> **TASK PROMPT**: Your task is to repeat exactly the lines below between the line holding "Милая подвеска в" and the line holding "Assorted Hanging Paper", inclusive, and only those.

> **EXCERPTED DATA**:
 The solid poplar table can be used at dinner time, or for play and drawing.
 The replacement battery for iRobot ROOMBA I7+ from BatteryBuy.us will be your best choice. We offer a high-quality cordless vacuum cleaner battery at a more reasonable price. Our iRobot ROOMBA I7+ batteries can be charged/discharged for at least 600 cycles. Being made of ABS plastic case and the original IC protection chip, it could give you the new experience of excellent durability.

==

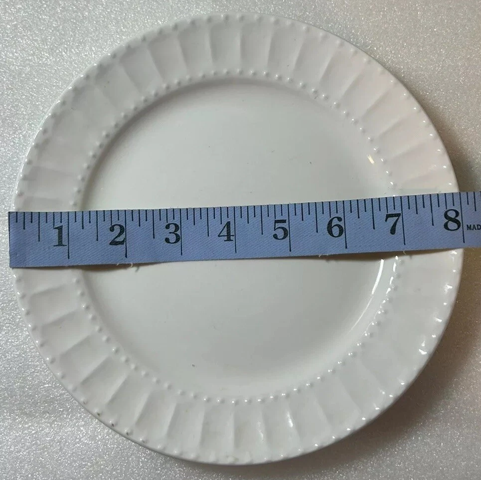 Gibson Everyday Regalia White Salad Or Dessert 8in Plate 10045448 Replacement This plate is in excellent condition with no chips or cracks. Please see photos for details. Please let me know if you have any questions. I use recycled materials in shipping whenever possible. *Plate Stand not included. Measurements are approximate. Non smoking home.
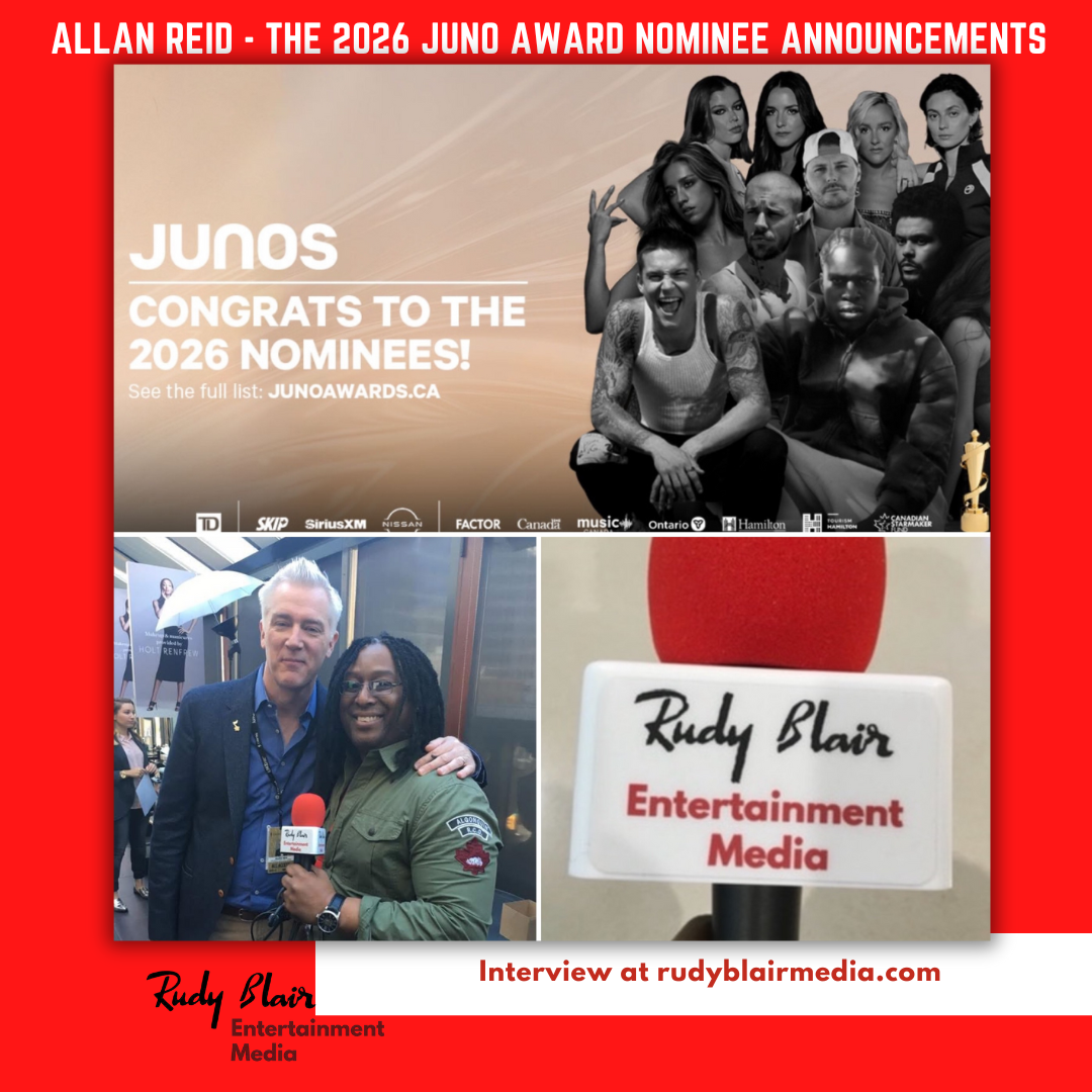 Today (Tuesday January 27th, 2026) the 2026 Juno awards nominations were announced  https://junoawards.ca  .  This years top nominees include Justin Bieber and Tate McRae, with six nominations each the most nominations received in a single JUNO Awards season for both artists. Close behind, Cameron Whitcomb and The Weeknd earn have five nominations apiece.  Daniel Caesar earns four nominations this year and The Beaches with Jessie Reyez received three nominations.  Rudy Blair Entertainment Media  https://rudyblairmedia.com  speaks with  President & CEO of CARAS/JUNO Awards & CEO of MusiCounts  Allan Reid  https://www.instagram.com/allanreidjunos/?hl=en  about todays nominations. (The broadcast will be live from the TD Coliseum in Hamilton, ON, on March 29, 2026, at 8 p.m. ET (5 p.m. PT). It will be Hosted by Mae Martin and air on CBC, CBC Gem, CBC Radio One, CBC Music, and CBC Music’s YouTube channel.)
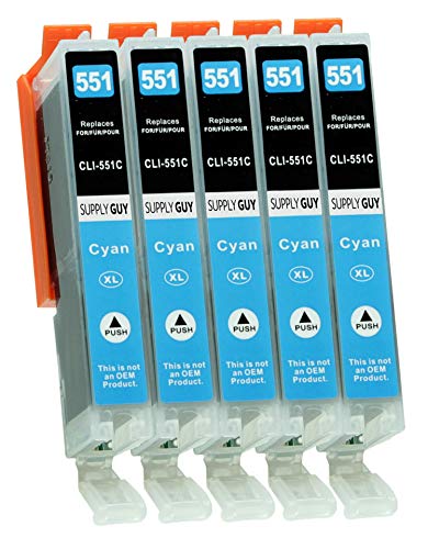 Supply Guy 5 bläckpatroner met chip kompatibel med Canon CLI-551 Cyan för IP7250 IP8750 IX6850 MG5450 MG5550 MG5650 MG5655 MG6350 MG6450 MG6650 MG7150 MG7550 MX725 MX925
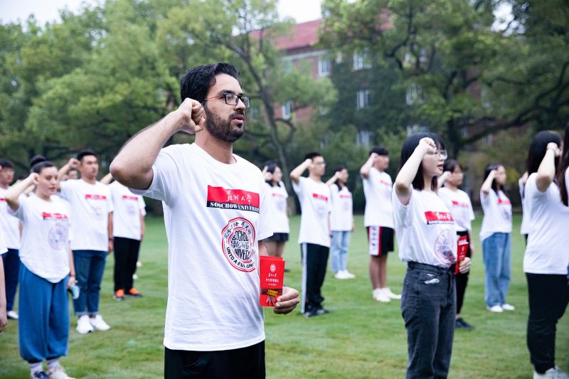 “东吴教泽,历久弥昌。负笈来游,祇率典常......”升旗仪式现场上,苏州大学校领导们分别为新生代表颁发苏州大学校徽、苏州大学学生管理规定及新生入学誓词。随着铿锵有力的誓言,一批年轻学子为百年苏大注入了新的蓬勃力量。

---

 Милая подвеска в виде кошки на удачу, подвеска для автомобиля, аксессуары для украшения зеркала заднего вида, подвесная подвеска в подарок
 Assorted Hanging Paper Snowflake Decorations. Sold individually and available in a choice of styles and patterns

> **ANSWER TO THIS PROBLEM**:
 Милая подвеска в виде кошки на удачу, подвеска для автомобиля, аксессуары для украшения зеркала заднего вида, подвесная подвеска в подарок
 Assorted Hanging Paper Snowflake Decorations. Sold individually and available in a choice of styles and patterns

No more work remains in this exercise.